MOLD: Shall be a scalar or an array of any type.
SIZE: (Optional) shall be a scalar of type INTEGER.
Huh. Now THAT’s interesting. Essentially, the user is telling the compiler to apply the same bit pattern defined by the source function type (e.g., 0010101) which is MPP_FILL_INT in our example, to the MOLD type—default data, which is a real. This is weird–not type casting itself–but the way fortran tries to approximate it. Then again, fortran was designed to crunch numbers, not do all of the fancy type magic like C.

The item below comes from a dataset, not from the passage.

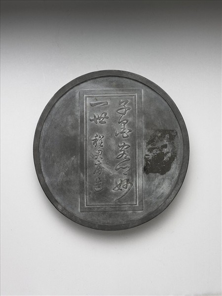 圓墨,形大體厚。一面模印渾天儀圖樣,與《程氏墨苑》所載《璿璣玉衡》圖相似。一面陽文草書︰「子墨客卿妙一世。程君房造。」其文字不在闡釋圖樣含意,與一般明墨習慣不同,落款方式亦異於一般程氏墨。璿璣玉衡,出自《尚書‧舜典》,疏、傳皆謂即漢世以來所稱之渾天儀,是測定天體方位的儀器。早在西元前四世紀的《石氏星經》中似已知使用,至東漢中期張衡( 78 一 139)始完成完整的渾天儀,其後歷代皆有增修;明代正統間複雜的渾天儀現仍矗立在南京,明末文士或曾見及。古代博學多識的士君子,是天文、方志、律曆、音樂、醫藥、卜算無所不通的,故《程氏墨苑》中有玄工、輿地、物華之分,璿璣玉衡亦列其中。

So what does TRANSFER do, exactly? Let’s read the result (I’ve put the scary parts in bold):
The result has the same type as MOLD, with the bit level representation of SOURCE. If SIZE is present, the result is a one-dimensional array of length SIZE. If SIZE is absent but MOLD is an array (of any size or shape), the result is a one- dimensional array of the minimum length needed to contain the entirety of the bitwise representation of SOURCE. If SIZE is absent and MOLD is a scalar, the result is a scalar.
If the bitwise representation of the result is longer than that of SOURCE, then the leading bits of the result correspond to those of SOURCE and any trailing bits are filled arbitrarily.
When the resulting bit representation does not correspond to a valid representation of a variable of the same type as MOLD, the results are undefined, and subsequent operations on the result
In theory, TRANSFER is a land mine for non-reproducible answers because the output is (a) compiler-dependent and (b) yields undefined results for invalid behavior–bad news for the folks who rely on bit-for-bit reproducibility to verify code changes that are not expected to affect calculations.
All right, now that I’ve gotten a bit side-tracked by one of the MANY reasons to refactor the fms_io code, it’s time to re-group. I’ve determined that default_data is initialized in a call to write_data which, I assume, the user’s code does not do. This is a good stopping point, so I’ll follow up with another post (or maybe two) about how fv3gfs-io module uses fms-io, and (hopefully) the resolution to this issue.